Apparently she's from Hokkaido. That explains it. Not that Tokyo-ites are cold, reserved, and standoffish, no not at all. Just that I have always sensed more openness and warmth from either Northerners or Southerners in Japan. No, it's true (sorry Naoto).

Hafu Revisited

The perennial issue of the word 'Hafu' reared it's ugly head again on my Married In Japan discussion list.

'Hafu' is the borrowed, katakana-ized word used in common Japanese parlance to mean half-Japanese/half something else.

I think to most Japanese, it is just a word. They don't even think about the English meaning of the word. Of course native English speaking mothers do understand the connotations of "hafu" and worry about the negative influence it might have on their offspring to be commonly referred to as "hafu", as if everyone else was whole.

I have discussed this before in prior emails, yes. However, it seems like every time this comes up, I get a new take on it.

This time, some of the long-term mommies on the MIJ list were saying they don't care if people call their children 'hafu' because it's just a word. Another person pointed out that it is possible that parents react more negatively to the word than the children do. She said we should leave it up to our children to decide how they feel about that word.

That's all well and good, but Mia's just 3 years old. By the time she's old enough to really understand race, ethnicity, culture, and that whole pot of beans, the accumulated weight of attention, 'hafu' calling, and comments about appearance may have done its damage.

I may sound like a complainer, but its not just me. Many of the other mommies on the list said that its not the individual comments that get them, it's the accumulated weight of these comments constantly happening over a period of time.
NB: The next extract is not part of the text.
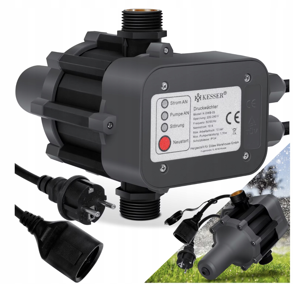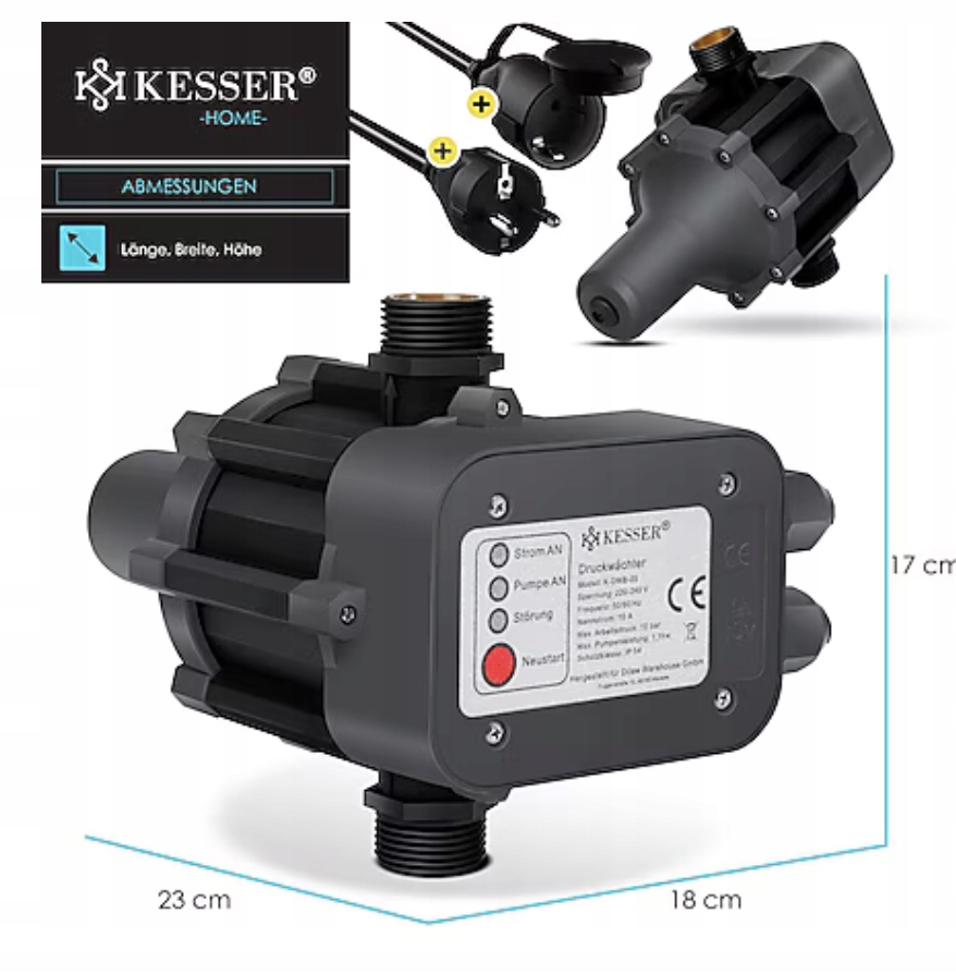 KESSER Elektroniczny wyłącznik ciśnieniowy | Do pompy 10 bar | IP54

Maybe its me, but I don't want to explain my marriage status "so, is your husband Japanese?", country of origin "are you American?" "where's your daughter from?", family rearing practice related to language "her Japanese is so good, do you teach her Japanese, too?", and opinion on relative language value in the world "how lucky they are to learn English. I can't speak English!" to any stranger who stops me on the street.

And if one more old lady at Seiyu grocery store comes right over and starts petting Maika on the head or poking her cheeks with their "god knows where they've been" hands without even LOOKING at me for an okay I am going to explode. I SWEAR I can't even buy eggs and milk there without at least one poking lady.

Naoto, how do you say "Get your freaking hands off my baby you old witch. How would you like it if I suddenly came over and starting squeezing your cheeks!" in polite Japanese?

Personal space, people. It's a good thing!

To give Tama Midori kindergarten some credit, there's not been a whole lot of comments or special attention. No, "wow, Mia can use chopsticks so well" (okay, actually she can't use chopsticks at all, but it was an example!). The one time I asked the teacher if Mia was using English to talk to her, she seemed really surprised and said "no, no, Mia's fine" as if it hadn't even crossed her mind. Juri-sensei has never stopped and asked me if I didn't understand or treated me differently than the other mothers (so far, says my cynical voice).

Bless her heart.

Even the gate mommies have showed discretion.

My guess is that its the whole "if I don't know you and have no discernible relationship to you, it's a free for all" attitude. There is a well choreographed teacher to mommy dance, and I am pretty sure there is a well choreographed mommy to mommy dance (although I haven't quite got that one. I still need practice) They can't afford to cross uncomfortable boundaries. Our roles are defined.

There's a little cardboard cut out with a hole for the face called "Mia's Mommy" or "Suzuki-san." As long as I keep my face in that cut-out, all's well.

I wonder how long I can keep that up.

love and light,
Kirsten

p.s. Maika getting busy with a banana. Despite her lack of teeth (only 2 and a half so far at 11 months) she wants to eat what we eat. And you can't feed her with a spoon, so no really mushy food. She wants to do everything herself. She even refuses to eat cream puff if you try to feed it to her instead of putting it on her tray. (yes I feed my 11 month old cream puff. get over it)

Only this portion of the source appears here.